Do I continue trying to get graphic design jobs, when a hundred resumes garnered no interest? Do I keep trying to create and sell original art, when no one even slightly considers buying one? Do I keep trying to get my art published, when I can’t get the time of day from publishers (save for those important, valued few)?
|Originally published by Apex Book Company, September 2012|
While confidence is always a question, especially after such a long drought, there’s a bigger question that needs asked first. That is, what do I really want from life? Or from the things I create?
It’s a question that all creators come around to eventually. The answers vary, of course, and many times it doesn’t come easy. Sometimes you can’t even truthfully answer the question, because not all of the cards have been dealt just yet.
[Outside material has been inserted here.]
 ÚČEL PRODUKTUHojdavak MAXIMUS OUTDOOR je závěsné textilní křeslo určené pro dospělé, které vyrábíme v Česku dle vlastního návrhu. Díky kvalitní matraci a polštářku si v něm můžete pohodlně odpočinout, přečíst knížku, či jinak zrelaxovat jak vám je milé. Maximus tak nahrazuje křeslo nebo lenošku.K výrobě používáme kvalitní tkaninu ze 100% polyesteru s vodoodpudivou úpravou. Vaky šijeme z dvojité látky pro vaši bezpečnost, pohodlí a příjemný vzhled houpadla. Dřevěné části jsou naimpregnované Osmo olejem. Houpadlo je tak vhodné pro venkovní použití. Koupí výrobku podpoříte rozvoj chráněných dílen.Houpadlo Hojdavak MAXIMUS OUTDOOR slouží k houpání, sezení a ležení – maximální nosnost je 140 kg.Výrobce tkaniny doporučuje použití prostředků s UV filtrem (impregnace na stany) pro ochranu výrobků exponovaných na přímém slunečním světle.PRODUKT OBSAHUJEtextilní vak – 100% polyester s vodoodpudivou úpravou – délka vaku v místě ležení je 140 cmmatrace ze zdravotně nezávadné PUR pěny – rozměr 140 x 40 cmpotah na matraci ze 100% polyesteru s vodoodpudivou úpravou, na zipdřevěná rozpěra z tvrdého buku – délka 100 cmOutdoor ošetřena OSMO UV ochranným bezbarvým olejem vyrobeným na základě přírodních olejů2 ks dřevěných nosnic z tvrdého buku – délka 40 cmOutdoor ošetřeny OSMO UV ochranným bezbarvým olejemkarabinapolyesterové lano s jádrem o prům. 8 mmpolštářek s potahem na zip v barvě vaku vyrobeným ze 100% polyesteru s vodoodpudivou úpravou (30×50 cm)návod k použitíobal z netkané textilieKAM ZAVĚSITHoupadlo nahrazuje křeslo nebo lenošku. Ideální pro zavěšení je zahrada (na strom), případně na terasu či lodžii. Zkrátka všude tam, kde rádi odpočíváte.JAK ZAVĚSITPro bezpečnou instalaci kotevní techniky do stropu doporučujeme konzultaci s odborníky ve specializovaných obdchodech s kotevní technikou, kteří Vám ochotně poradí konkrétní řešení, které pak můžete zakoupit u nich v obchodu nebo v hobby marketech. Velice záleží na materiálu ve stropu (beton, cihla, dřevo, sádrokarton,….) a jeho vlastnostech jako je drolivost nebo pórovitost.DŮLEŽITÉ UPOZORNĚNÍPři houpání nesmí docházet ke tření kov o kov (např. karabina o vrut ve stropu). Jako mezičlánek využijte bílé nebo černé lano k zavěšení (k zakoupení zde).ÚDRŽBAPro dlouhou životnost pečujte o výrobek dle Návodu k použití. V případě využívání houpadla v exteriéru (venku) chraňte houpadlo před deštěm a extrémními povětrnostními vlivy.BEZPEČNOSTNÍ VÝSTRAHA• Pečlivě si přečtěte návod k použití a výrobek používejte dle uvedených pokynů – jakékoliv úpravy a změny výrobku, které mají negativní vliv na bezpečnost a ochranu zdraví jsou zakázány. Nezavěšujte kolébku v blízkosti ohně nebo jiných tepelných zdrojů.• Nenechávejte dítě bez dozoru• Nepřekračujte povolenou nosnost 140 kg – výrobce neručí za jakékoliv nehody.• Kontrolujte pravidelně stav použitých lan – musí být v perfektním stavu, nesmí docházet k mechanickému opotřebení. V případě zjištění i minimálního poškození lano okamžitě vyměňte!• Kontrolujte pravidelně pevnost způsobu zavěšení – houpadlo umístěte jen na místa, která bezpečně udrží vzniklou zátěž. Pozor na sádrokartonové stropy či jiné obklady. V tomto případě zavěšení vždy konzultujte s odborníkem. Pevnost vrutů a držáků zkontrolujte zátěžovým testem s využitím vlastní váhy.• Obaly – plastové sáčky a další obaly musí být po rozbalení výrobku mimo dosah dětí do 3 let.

Creators do their thing for various reasons, most of them unique to themselves. All of them need to ask themselves “why?” at some point. Before you can figure out if you want to go on, you have to figure out what you want from it.
Art can be a catharsis, or even an escape from the boundaries of the real world. Many creators start and end with that very idea, that their creations are for only themselves. They create because they need to pour their hearts and souls into the things they create, to let those bottled up dreams escape into something else. Even if no one else ever sees their work, those creators feel better off for letting it all out.
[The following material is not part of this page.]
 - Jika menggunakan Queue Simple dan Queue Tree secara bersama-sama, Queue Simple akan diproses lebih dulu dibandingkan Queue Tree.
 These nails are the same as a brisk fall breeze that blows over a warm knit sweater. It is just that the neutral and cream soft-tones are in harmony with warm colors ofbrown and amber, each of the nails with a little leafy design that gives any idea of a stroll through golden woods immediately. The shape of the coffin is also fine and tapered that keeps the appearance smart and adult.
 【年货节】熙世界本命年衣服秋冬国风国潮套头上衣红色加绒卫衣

There are those creators that need almost a vindication from others, and want to show everything they do. They show the world their creations, and they need to hear that praise to make their souls complete. Many even like to hear, albeit subconsciously, the bad things that people say about their works. In the end, it’s still attention and recognition that they are getting, and it fills their soul with what they need.
Certainly, there are also those who need the creative arts to only be a source of money. It’s a job to them, and nothing more, and the constant projects they do merely support their families. It’s not that they don’t enjoy what they do, but they are less concerned with making an impact or getting it out of their system. It’s a job, it’s what they do, and it’s how they live their lives.
Many creators are looking for immortality as well. Immortality can fall under vindication, of course. But it’s more than that. The creators want to look back on their life and believe that they did something great. It could be a beloved art piece, it could even be just a bunch of sketches they are proud of, that no one ever saw. The point is, they view their creations as an accomplishment, something they can be proud of.
I’ll bet that most creators are like myself, in that I have a little bit of all of these things driving me. Some days, it can be one idea over the others. But, over time, all of these things impact who I am as an artist, and who I want to be as a person.
Confidence in what you are doing follows when all of these things are true. If you are happy with your works, people love them, and you are selling your wares well (if that’s your thing), then confidence can be very high. With high confidence comes more production, and more love with what you are doing. It becomes a circle, feeding good ideas and good thoughts all through your life.
The same, naturally, is also true of not getting these things. Confidence can be destroyed because you aren’t getting what you want out of your creations, and thus, out of life. While it can sometimes be hard to always keep confidence high, usually it still wins out. But on a bad streak, confidence can be crushed quite violently, and it can be very difficult to recover from it.
As I slowly return to the world of art, after a couple of very crushing years, I have to ask myself all of these questions and more. But above all, I have to decide what I want from it, and what I’m willing to endure to get it. Or if I’m willing to endure anything at all any longer.
As a creator, ask yourself: what do you want from your creations and your life?
Only you can know the answer. Only you can say what it’s worth and what it isn’t, if you win the day or if you fall. It’s a choice that’s yours and yours alone, make sure whatever call you make that it’s the best one for you.
There’s no shame in stepping aside, and letting go of your dreams. Especially if you tried hard, perhaps it’s time to set things aside and move on. It’s something I consider each and every day. These days, a lot more than I ever have before.
But if you decide that you really want it, that you’re willing to fight for it, do it. I leave you with a quote from one of my favorite films, and it really does put it perfectly.
“Get busy living…or get busy dying. That’s goddamn right.”